Thursday, 4 December 2014

Problem with OPatch

Today I hit a problem with installation of a patchset. Details below:
[oracle@yyy]$ opatch prereq CheckConflictAgainstOHWithDetail -phBaseDir ./19121548
Oracle Interim Patch Installer version 11.2.0.3.5
Copyright (c) 2013, Oracle Corporation.  All rights reserved.

PREREQ session

Oracle Home       : /oracle/product/11.2.0.3
Central Inventory : /oracle/oraInventory
   from           : /oracle/product/11.2.0.3/oraInst.loc
OPatch version    : 11.2.0.3.5
OUI version       : 11.2.0.3.0
Log file location : /oracle/product/11.2.0.3/cfgtoollogs/opatch/opatch2014-08-08_13-19-37PM_1.log

Invoking prereq "checkconflictagainstohwithdetail"
List of Homes on this system:

  Home name= OraDb10g_home1, Location= "/oracle/product/102"
  Home name= OraDb11g_home1, Location= "/oracle/product/11.2.0.2"
  Home name= agent10g1, Location= "/oracle/oagent/product/10.2.0/agent10g"
Prereq "checkConflictAgainstOHWithDetail"not executed 
Unable to create Patch Object.
Exception occured : null

OPatch succeeded.


Colleagues of mine suggested to rebuild the Oracle inventory.
[oracle@yyy bin]$ ./runInstaller -silent -invPtrLoc $ORACLE_HOME/oraInst.loc -attachHome ORACLE_HOME="/oracle/product/11.2.0.3" ORACLE_HOME_NAME="Ora11gR2home"
Starting Oracle Universal Installer...

Checking swap space: must be greater than 500 MB.   Actual 1239 MB    Passed
'AttachHome' failed.
'AttachHome' failed.


The solution is quite simple. First one have to remove any remnants of current Oracle inventory. Then the inventory operation starts to work properly. With the inventory rebuild the OPatch also starts to work properly.

Thursday, 6 November 2014

ORA-4030 and huge PL/SQL block

Lately we have got for execution a quite huge anonymous PL/SQL block (~10M). When it went for execution it failed with ORA-4030. There are limits to the size of a PL/SQL block. They may be rised at the OS level or in the database (look at "ORA-4030 (PLSQL Opt Pool,pdziM01_Create: New Set), ORA-4030 (PLS CGA hp,pdzgM64_New_Link)" (Doc ID 1551115.1) on the Metalink).

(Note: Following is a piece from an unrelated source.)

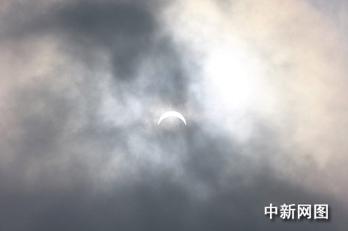 九點三十五分左右,天空突然變暗。現場開始響起一片歡呼聲,來自世界各地的游客用自己的語言紛紛表達此刻的喜悅。幾個外國天文愛好者當場唱起歌來,隨后許多人跟著節奏一起跳起了舞。九點四十分左右,天空重新變亮。部分游客開始逐漸離開廣場,但仍有天文愛好者守候在現場,期待能夠透過烏云間隙拍攝到“重生”的太陽。
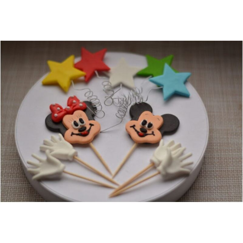 Zuckerdekoration für Kuchen Mickey & Minnie Set mit 2D-Dekorationsspießen.

For example on the OS level the /proc/sys/vm/max_map_count parameter sets the number of the maximum number of memory map areas a process may have for Linux.
But before You will mess with those settings, rethink if it is really necessary - most possibly there is another way to run the equivalent code, which makes a better use of the memory in disposal.
In this very case the 10M block consists of 1mln of calls to a procedure with different parameters provided as literals. Much better way in this case would be to load all the parameter values to a table (by sqlldr to persistent table or by simple inserts in one session to a global temporary table with rows preserved on commits) and then call a procedure by much, much smaller script on values from a cursor or get rid of PL/SQL block, turn procedure to function and call it in simple SELECT.